_WHAT THE TASK REQUIRES_
What should be copied is the stretch of entries below from the line with "Indigenous technology knowledge" up to and including the line with "Плафон оформлен рельефной", exactly and without images.

_SUPPLIED RECORDS_
○ ○ ○

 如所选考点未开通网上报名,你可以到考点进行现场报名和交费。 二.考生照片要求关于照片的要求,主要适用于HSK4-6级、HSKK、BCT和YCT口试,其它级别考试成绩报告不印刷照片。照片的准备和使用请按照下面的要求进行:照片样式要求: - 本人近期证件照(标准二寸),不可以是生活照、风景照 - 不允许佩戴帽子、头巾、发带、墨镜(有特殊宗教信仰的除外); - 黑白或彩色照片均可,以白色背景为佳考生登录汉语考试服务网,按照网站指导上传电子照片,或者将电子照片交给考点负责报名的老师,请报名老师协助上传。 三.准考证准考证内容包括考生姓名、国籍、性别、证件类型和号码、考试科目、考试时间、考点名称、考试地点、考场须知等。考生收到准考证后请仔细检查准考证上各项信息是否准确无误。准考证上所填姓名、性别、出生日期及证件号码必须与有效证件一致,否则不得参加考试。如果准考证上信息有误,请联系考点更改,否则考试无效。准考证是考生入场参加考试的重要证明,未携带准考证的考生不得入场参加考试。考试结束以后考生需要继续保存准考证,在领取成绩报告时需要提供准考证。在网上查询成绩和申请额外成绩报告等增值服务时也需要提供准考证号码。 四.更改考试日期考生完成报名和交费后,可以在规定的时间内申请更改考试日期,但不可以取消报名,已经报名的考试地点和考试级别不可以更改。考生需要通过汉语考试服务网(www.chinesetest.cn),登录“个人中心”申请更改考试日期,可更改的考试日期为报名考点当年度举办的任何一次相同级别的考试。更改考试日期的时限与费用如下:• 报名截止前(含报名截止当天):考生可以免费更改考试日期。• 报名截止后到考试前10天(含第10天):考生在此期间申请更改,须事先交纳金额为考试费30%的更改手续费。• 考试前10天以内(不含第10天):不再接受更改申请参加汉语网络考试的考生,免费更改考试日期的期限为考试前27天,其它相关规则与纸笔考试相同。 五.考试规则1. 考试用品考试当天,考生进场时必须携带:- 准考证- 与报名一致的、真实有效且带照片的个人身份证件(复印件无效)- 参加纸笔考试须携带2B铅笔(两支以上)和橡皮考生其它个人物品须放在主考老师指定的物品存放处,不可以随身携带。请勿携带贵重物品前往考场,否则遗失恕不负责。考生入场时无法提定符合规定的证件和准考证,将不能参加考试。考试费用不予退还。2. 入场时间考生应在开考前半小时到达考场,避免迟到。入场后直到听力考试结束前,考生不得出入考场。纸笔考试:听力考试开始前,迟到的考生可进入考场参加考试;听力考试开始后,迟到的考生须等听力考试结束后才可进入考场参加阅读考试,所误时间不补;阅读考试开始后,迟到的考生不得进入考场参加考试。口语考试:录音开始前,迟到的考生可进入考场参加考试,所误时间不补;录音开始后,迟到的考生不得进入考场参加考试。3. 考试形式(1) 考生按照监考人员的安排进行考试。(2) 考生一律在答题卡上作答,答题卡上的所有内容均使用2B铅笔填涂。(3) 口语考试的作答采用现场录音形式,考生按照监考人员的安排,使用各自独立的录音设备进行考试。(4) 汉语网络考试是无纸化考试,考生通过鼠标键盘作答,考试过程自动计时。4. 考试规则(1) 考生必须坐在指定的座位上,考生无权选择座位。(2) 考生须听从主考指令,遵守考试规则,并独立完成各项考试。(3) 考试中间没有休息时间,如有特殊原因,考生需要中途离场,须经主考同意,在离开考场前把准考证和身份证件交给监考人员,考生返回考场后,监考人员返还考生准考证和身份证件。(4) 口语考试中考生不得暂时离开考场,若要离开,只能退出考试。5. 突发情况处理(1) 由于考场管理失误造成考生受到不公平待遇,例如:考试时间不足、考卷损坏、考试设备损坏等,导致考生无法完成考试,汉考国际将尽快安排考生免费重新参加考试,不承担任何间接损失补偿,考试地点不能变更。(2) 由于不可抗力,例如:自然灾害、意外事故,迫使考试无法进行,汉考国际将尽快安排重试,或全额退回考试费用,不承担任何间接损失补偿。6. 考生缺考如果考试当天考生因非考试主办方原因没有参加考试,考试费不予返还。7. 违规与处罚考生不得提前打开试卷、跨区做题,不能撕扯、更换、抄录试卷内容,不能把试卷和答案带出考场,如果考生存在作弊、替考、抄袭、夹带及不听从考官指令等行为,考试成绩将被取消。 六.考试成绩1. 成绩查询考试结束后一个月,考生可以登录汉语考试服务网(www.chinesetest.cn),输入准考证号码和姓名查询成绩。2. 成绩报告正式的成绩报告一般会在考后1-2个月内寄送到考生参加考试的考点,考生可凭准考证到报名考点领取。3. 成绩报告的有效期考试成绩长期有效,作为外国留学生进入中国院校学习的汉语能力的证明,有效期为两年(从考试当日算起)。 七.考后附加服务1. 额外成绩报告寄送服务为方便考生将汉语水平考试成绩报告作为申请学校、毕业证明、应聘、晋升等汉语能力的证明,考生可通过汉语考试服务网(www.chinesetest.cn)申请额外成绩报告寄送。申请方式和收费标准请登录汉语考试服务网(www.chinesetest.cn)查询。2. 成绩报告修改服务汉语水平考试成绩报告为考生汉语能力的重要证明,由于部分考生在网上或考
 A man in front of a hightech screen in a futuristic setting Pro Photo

○ ○ ○

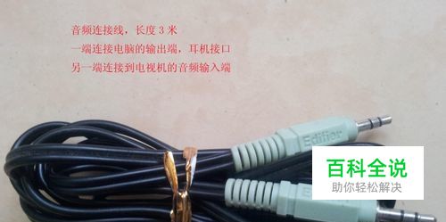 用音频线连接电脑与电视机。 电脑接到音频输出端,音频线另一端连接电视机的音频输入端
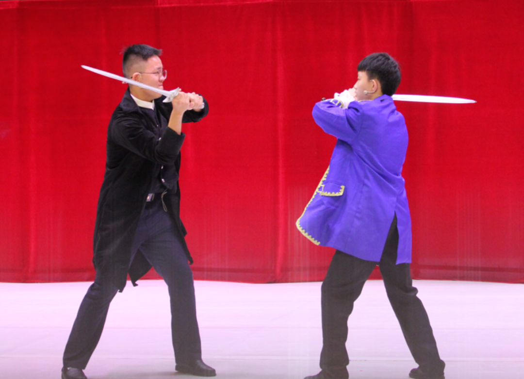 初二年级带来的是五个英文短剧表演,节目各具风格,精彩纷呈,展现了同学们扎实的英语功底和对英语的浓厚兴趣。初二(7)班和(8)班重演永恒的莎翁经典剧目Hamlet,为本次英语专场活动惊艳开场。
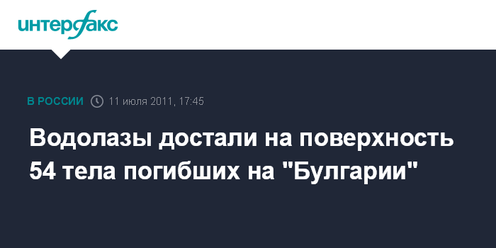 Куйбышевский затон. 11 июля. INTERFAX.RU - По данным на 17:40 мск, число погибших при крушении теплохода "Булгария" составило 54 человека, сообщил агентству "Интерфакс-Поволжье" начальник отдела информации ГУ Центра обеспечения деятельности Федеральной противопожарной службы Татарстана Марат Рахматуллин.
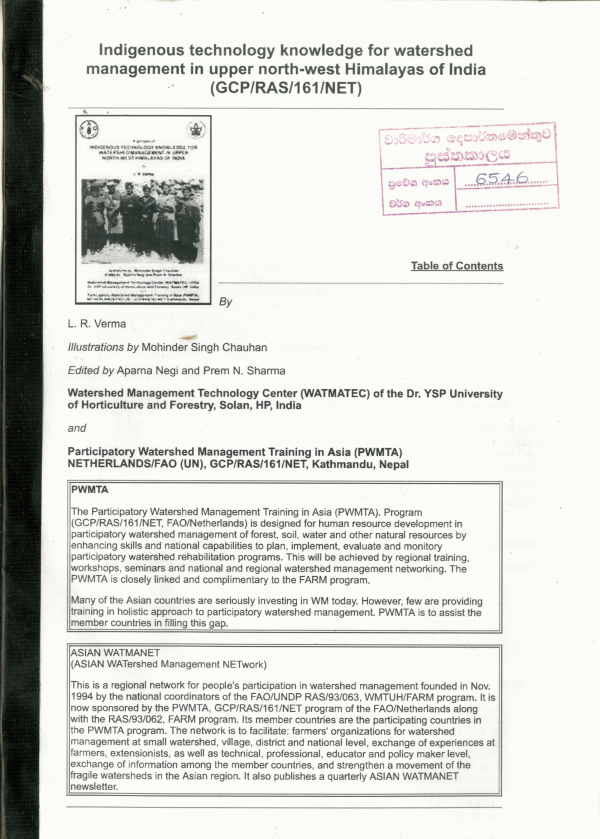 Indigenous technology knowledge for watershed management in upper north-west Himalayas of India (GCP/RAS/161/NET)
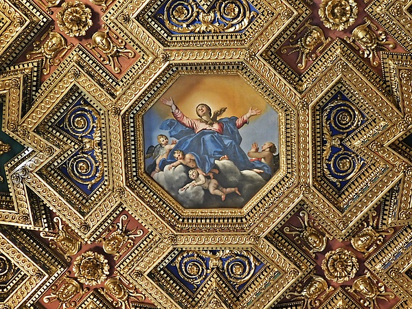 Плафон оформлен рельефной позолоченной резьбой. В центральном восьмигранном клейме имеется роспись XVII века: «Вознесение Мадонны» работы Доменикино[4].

○ ○ ○

_EXPECTED OUTPUT_
 Indigenous technology knowledge for watershed management in upper north-west Himalayas of India (GCP/RAS/161/NET)
 Плафон оформлен рельефной позолоченной резьбой. В центральном восьмигранном клейме имеется роспись XVII века: «Вознесение Мадонны» работы Доменикино[4].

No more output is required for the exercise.